Hayes framed his outlook around monetary conditions, asking: 'Do you believe the quantity or the price of money is more important when valuing Bitcoin?' He answered with a direct thesis: 'I believe the quantity of money determines the price of Bitcoin, not its price.' This view underpins his broader market framework, which expects Bitcoin to struggle during forced deleveraging and strengthen when policymakers expand credit. He tied that dynamic to geopolitical outcomes involving the Strait of Hormuz, as well as a domestic economic slowdown driven by white-collar job losses. In his view, those pressures could hit credit quality, weigh on banks, and delay any durable crypto rally until authorities supply fresh liquidity.

Geopolitical Tensions and Credit Stress

Hayes wrote: 'Bitcoin might bounce a bit after the situation reverts to the pre-war status quo. However, the AI agentic deflation bomb still ticks below the surface. Until the Fed provides the liquidity needed to plug the black hole in banks' balance sheets caused by consumer credit defaults, Bitcoin will not meaningfully rise.' He added, 'That’s not to say it couldn’t spike to $80,000 to $90,000, but for me putting new units of fiat at risk requires an all-clear from the Fed.' The statement shows he still sees upside potential, but only after broader financial stress is addressed.

Hayes also warned that market stress could produce another sharp Bitcoin selloff before any recovery takes hold. 'As investors de-risk their portfolios because of higher volatility and lower prices, investors sell bitcoin to meet margin calls,' he described, adding: 'Only when things get bad enough will bitcoin rise, as expectations of a bailout become the consensus.' In the most extreme scenario, even a liquidity-fueled rally may not last. 'The rally in bitcoin, inspired by money printing, might be short-lived because the destruction of the Iranian state materially raises the prospect of WW3.' Taken together, the essay presents a conditional forecast: near-term volatility remains high, while any lasting upside still depends on crisis-era money creation.

Waiting for the Fed Balance Sheet Expansion

Hayes emphasized that Bitcoin's next major move hinges on central bank balance sheets.
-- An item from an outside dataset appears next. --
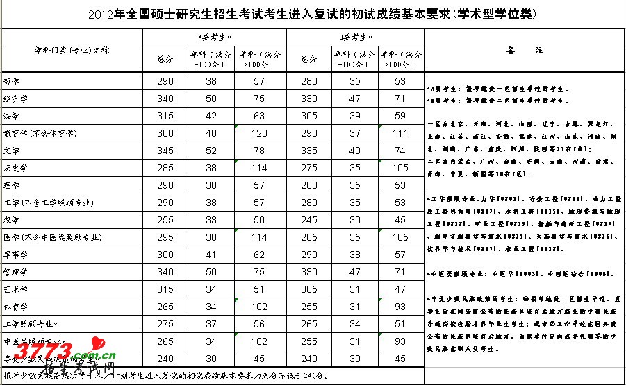 [组图]2012年研究生考试进入复试的初试成绩基本要求
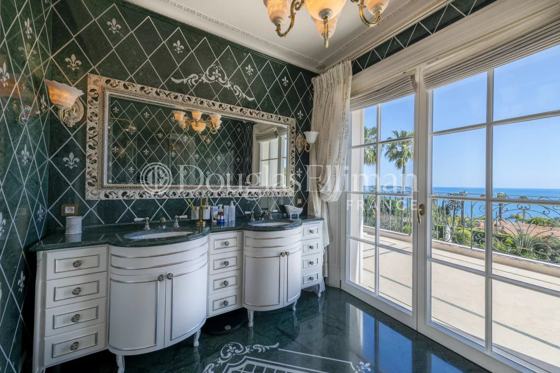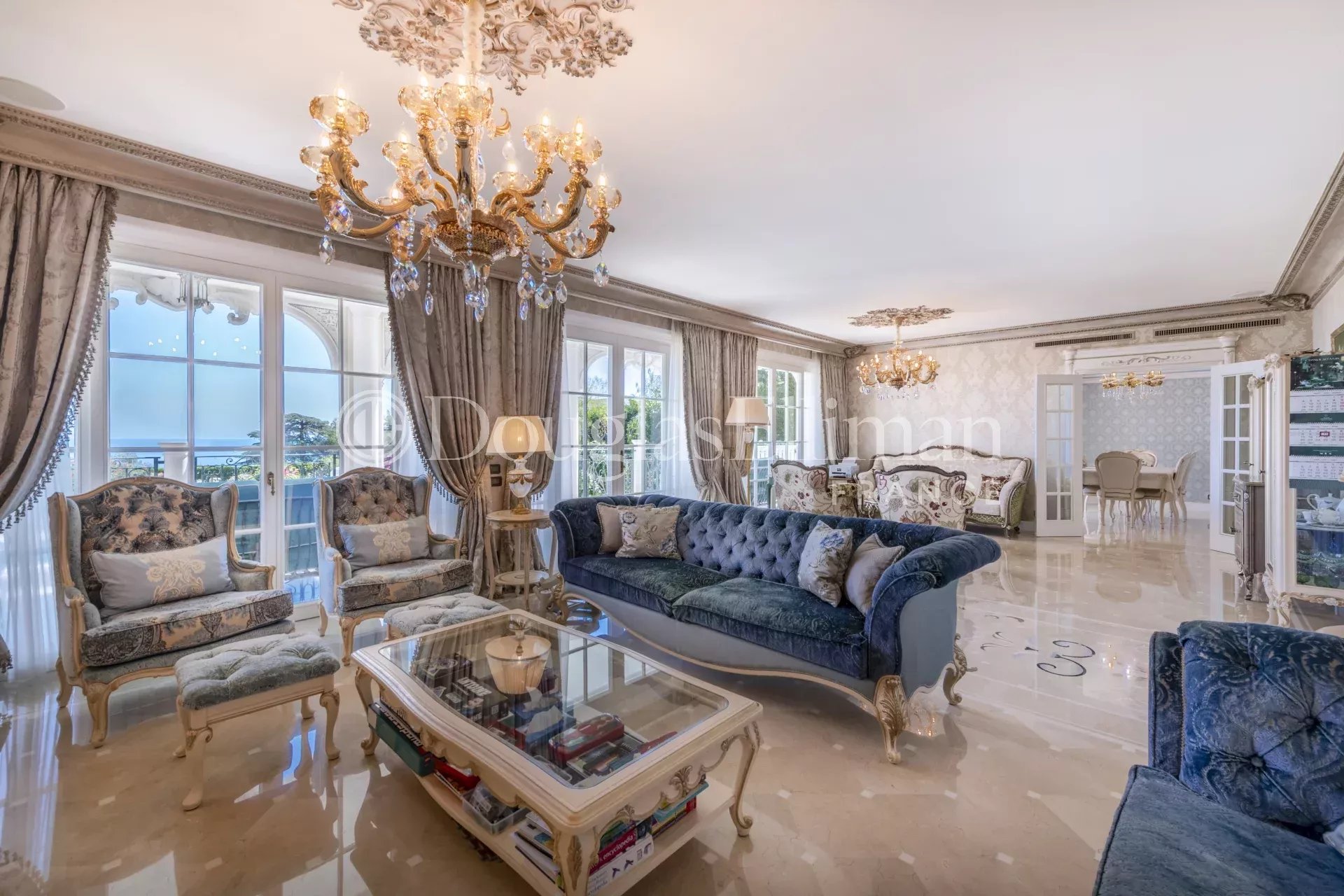 Located in the highly sought-after Super Cannes area, just ten minutes from the centre of Cannes, the Croisette and the beaches, this magnificent 600 m2 villa faces south with panoramic sea views as far as Cap d’Antibes. The property has a flat plot of 2300 m2 with a swimming pool and a beautifully maintained garden with lush Mediterranean vegetation, many beautiful flowers and manicured lawns. It has 3 levels:

He previously noted that liquidity expansion, currency stress, and deleveraging are the primary drivers for Bitcoin. Currently, the market is in a 'no trade zone,' and investors should remain cautious until the Fed or other authorities explicitly signal liquidity injections. Once a credit crisis forces central banks to unleash massive quantitative easing, Bitcoin could mount a meaningful recovery.